See also Espada Enterprises, Inc. v. Spiro, 481 So.2d 1265 (Fla. 1st DCA 1986) (finding as an independent basis for reversing deputy commissioner that deputy incorrectly failed to adhere to parties’ factual stipulation which indicated shooting death for which benefits were being sought took place in Miami and hence was not work-related). The court in Steele v. A.D.H. Building Contractors, Inc. compared the finality of executing a factual stipulation to that of entering into a lump sum settlement: “To our minds there is no difference in principle between insulating a stipulated *606lump-sum settlement from modification and holding a stipulation of facts precluded from modification under the statute.”1 174 So.2d at 19.
Claimant concedes that there is nothing in the record to indicate any fraud, overreaching or misrepresentation on the part of the employer/carrier. Rather, claimant argues that the stipulation’s attempt to “wash out” his entitlements to future medical benefits voids the entire agreement under section 440.20(12)(a), Florida Statutes (1985). Section 440.20(12)(a) provides that “[i]n no case may a lump-sum payment be allowed in exchange for the release of an employer’s or carrier’s liability for future medical expenses.” This language suggests, and claimant in fact contends, that a stipulation which attempts to arrange a lump-sum payment in exchange for release of an employer/carrier’s future liability for medical expenses is voidable. Without reaching the merits of this contention, we note that the employer/carrier specifically stated in the stipulation at issue that it would “continue to pay off future authorized medical expenses resulting from this injury subject to the terms and limitations of Florida’s Workers’ Compensation Law.” Consequently, appellant incorrectly maintains that the employer/carrier attempted to “wash out” all future medical benefits.
The Florida Supreme Court’s reasoning in Steele v.
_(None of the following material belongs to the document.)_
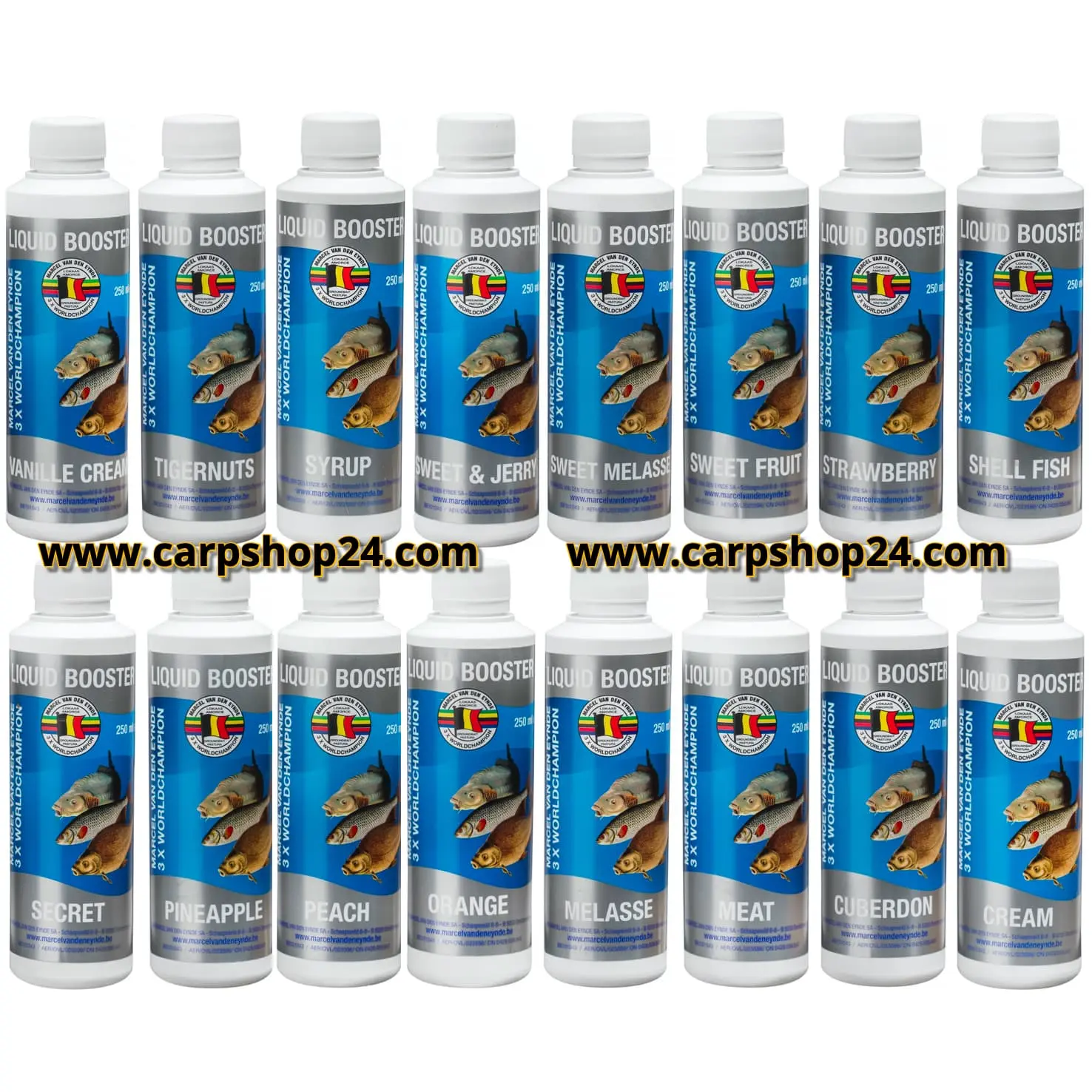 | Van Den Eynde Liquid Booster 250ml | Bream, Tigernuts, Shell Fish, Secret, Orange, Vanille Cream, Pineapple, Meat, Melasse, Cuberdon, Scoberry |

A.D.H. Building Contractors indicates that factual stipulations such as the one agreed to in the instant case should be upheld absent a showing of fraud, overreaching or misrepresentation. There being no suggestion of these factors in the record before the court, we find that the deputy commissioner’s granting of the employer/carrier’s motion to dismiss should be affirmed.
AFFIRMED.
ERVIN and ZEHMER, JJ., concur.

. The "statute” mentioned by the court is section 440.20(10), Florida Statute (1965), which provided:
“Upon joint petition of all interested parties and after giving due consideration to the interests of all interested parties, if he finds that it is for the best interests of the person entitled to compensation a deputy commissioner may enter a compensation order approving and authorizing the discharge of the liability of the employer for both compensation and remedial treatment, care and attendance by the payment of a lump sum equal to the present value of all future payments for both compensation and remedial treatment, care and attendance; and a compensation order so entered upon joint petition of all interested parties shall not be subject to modification or review under § 440.28.”
The current analogue to section 440.20(10) is section 440.20(12)(b)(l), Florida Statutes, (1985).